Почти всю эту неделю мы с Андреем ложились в 2–3 часа ночи и вставали к 12 дня. Зарядку я, конечно, откладывал на будущее… Днем я подогревал еду, мыл посуду, включал и выключал для него проигрыватель, пытался читать, сидя рядом с ним, пока он печатал свои письма, долго-долго слушал то, что он рассказывал.
Ему, конечно, трудно. Он в очередной раз поссорился со своими родителями (точнее, с отцом) и то ли ушел, то ли был выгнан из дома. В общем-то, сейчас он уже больше играет, чем действительно не может вернуться. Он через день заходит домой и один раз при мне встретился у лифта с отцом: тот в дипломате нес ему одежду. Андрей же, не желая с ним долго разговаривать, побежал вверх по лестнице и, остановившись на площадке этажом выше, орал и топал ногами в ответ на какие-то примирительные просьбы и зовы – это он называет «поцапался с отцом».
Еще у него всяческие нелады с редакцией, а с ней связано его будущее. Его вот-вот могут взять на работу стажером, а могут и вытурить оттуда. Учится он на вечернем отделении журфака, но не работает. Я думаю, что ничего с ним не случится очень плохого, в крайнем случае он может пойти в «Московский комсомолец», и его там с радостью примут.

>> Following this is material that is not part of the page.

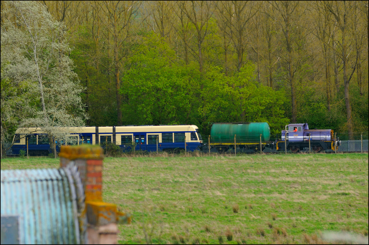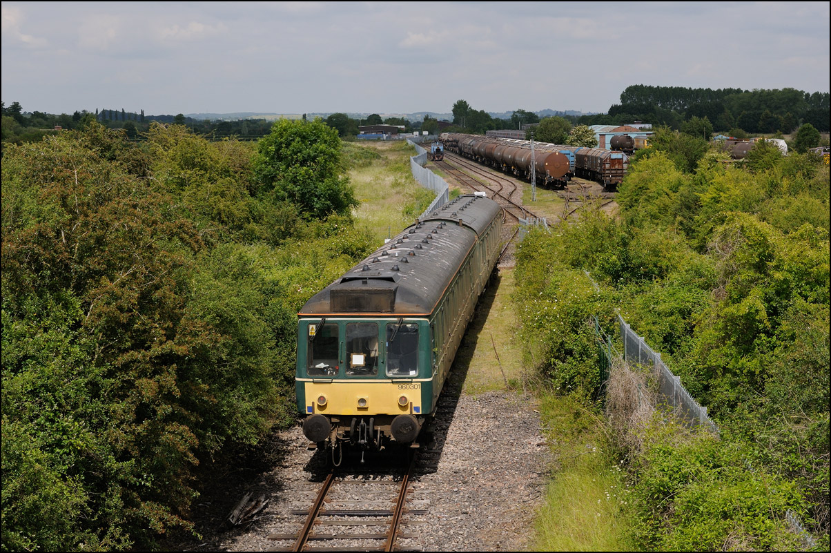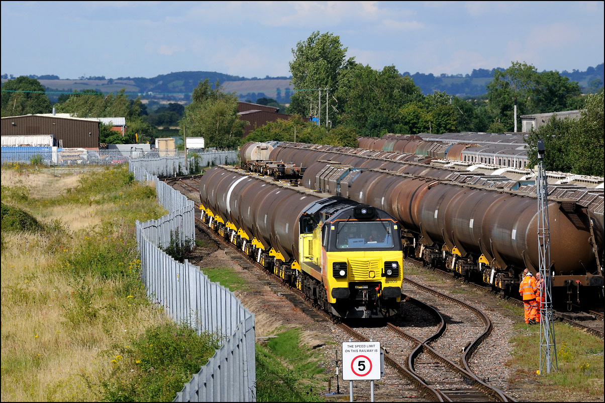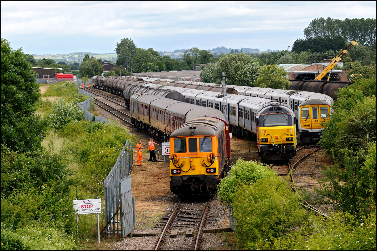 There are now many stored former main line locomotives at Long Marston. Because the Open Day involved the running lines being used by a passenger train, it was, quite understandably, not possible to wander around the site at will to photograph these. However, DRS liveried 20902 was just about in a photographable position between rakes of ICI tankers and cartics and it would have been unreasonable not to have taken a shot given the late summer sun being in a co-operative mood. |

Вчера он вечер и ночь писал в моей комнате очерк по своей смоленской командировке, а я сидел на кухне и засыпал.
Дедушка несколько раз сказал мне, чтобы я вынес окурки: «от них главный запах». Я объяснял, что запах не от окурков, а от курения, но дедушка не верил и осуждающе молчал.
Мама, когда мы с ней вечером смотрели телевизор, вдруг сказала: «Ты скажи Андрею, чтобы он вымыл ноги и постирал свои носки…»
Ты, конечно, знаешь, что передача таких деталей вполне в моем вкусе, поэтому только поморщись про себя и зверски тактично растяни улыбкой губы, – но вряд ли маме надо было говорить об этом.
Папа недовольно сказал, что курить можно выходить на лестницу. Я ответил, что Андрей одновременно пишет (святое понятие!) и курит, поэтому выходить никуда не может, но моего пафоса не поняли.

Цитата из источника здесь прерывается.